Remote testing with ngrok

Testing websites and web applications across platforms, browsers and operating systems is a nightmare. Browsers’ developer tools have made it much more convenient over the years with respect to mobile but still, you can’t simulate IE in Firefox or weird “improvements” some OS + browser combinations make (I’m looking at you, Safari on an iPhone). There’s no getting around of running the browser on an actual device.

However, getting the website/app running somewhere accessible can be a bit of a problem. How big, depends on the complexity of setup and the deployment process. Even when you get there and find an issue, debugging and fixing it becomes a nightmare because of a long feedback loop between typing code and seeing the result and trying something else. This is where smart tools like ngrok come in.

ngrok is basically a dynamic DNS - you run an ngrok binary telling it to tunnel a specific port over the service’s server which gets published under a random third level domain under [random domain] You can then for example open Internet Explorer on a Windows machine, type in the URL and check the issue. Then, when you make a local change you can see it immediately on the other device as well.

To get ngrok working with a Rails application requires a few steps. I run Puma on the default port 3000 in local development so the basic command is:

ngrok http 3000

This should work for a simple app which doesn’t do any redirects using absolute URLs. In the case of Enectiva, some gems we use redirect using an absolute URL which means that requests get redirected to localhost:3000. This doesn’t match up with the remote access via an ngrok tunnel because the remote browser then tries to access port 3000 on its host machine. There might be nothing running on that port or something completely different. The result is the same.

To solve this issue, the simplest way is to change the default_url_options[:host] configuration to match the tunnel URL. The easiest way to do this is editing DEFAULT_HOST variable in .env file (or config/environments/development.rb directly). There are two downsides: (1) your local access won’t work as expected, you’ll be redirected through the tunnel (not a problem except for the unnecessary round trip) and (2) the URL is randomly assigned every time you start the ngrok tool so you have to copy it fresh. ngrok offers a paid version with a reserved subdomains and many more features.

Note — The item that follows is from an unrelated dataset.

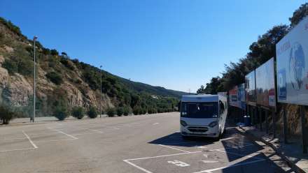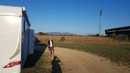 Campingpladsen i Figueres. Vi håber solen står op over bjergene i morgen tidlig...
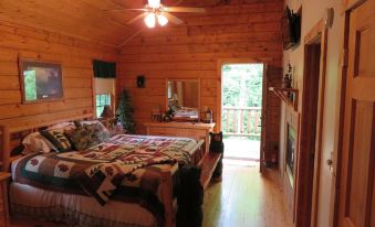 The Master Suite is a 'Honeymooner's Dream' with King Bed, lodge/pine tree decor, and private balcony. Enjoy the luxurious Master Suite Bath with 2 person heart-shaped Jacuzzi while watching the flames in the see-thru fireplace.

If you’re in Europe like us, you will probably feel the lag. By default, ngrok routes the tunnels through servers in the US. However, it offers a flag to select other regions, so we run:

ngrok http -region eu 3000

One thing I haven’t managed to get working is the development Webpacker process. It runs as a process separate from Rails themselves, providing a WebSocket with updates of the assets on another port and hot reloading the page. While it’s possible to run multiple tunnels at the same time, there’s no relationship between the assigned URLs. I assume it’s possible to configure Rails to use another URL for the Webpacker process but I haven’t dug into it. The setup defaults to serving the assets and having to press F5 when you make a change which is not a huge cost. Compared to the alternatives, debugging issues in IE or on an iPhone is much less daunting with ngrok.